I have been wanting a magnet back indicator similar to the one Abom uses on his lathe. While puttering in the garage tonight, I got an idea on how to make one. I used an old Hard drive magnet and drilled and tapped a 1/4-20 hole through the back. The hole on my old Starret 1" indicator is right around 1/4 inch so the fit is pretty snug. I put a 1/4-20 setscrew through and used a hex nut to tighten up the indicator. Why didn't I use a regular scew you ask? I didn't have one laying around but I have a couple of setscrews left over from rebuilting the cross slide and compound on the lathe.

Here are some pictures:


----------



## darkzero (Apr 27, 2014)

Great idea & nice way to put those to good use. I still have a bunch of them stuck on my minifridge.

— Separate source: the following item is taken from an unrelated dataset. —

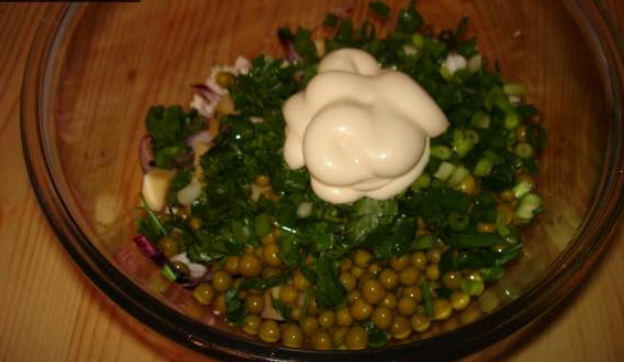 Étape 5 Mélanger tous les ingrédients préparés. Ajouter les verts hachés. Assaisonner la salade avec de la mayonnaise.

I have the same ones that Adam uses also & also prefer them over the Starrett & Mitu ones for the same reason he does. However over time the pressed on threaded post comes loose from the plastic back. I just tapped a hole so now it's held on by a screw, can't come loose anymore. I tried epoxy first but it eventually got loose again. Once that's fixed they work great.


----------



## echesak (Apr 27, 2014)

I like it.  Getting the magnets is one of my favorite things to do with old hard drives.

Thanks for the idea.

Eric


----------



## RCKnipstein (Apr 27, 2014)

I've been busy in my shop, but haven't forgot about you. I'm sure I'll have things come up I will need help with.


----------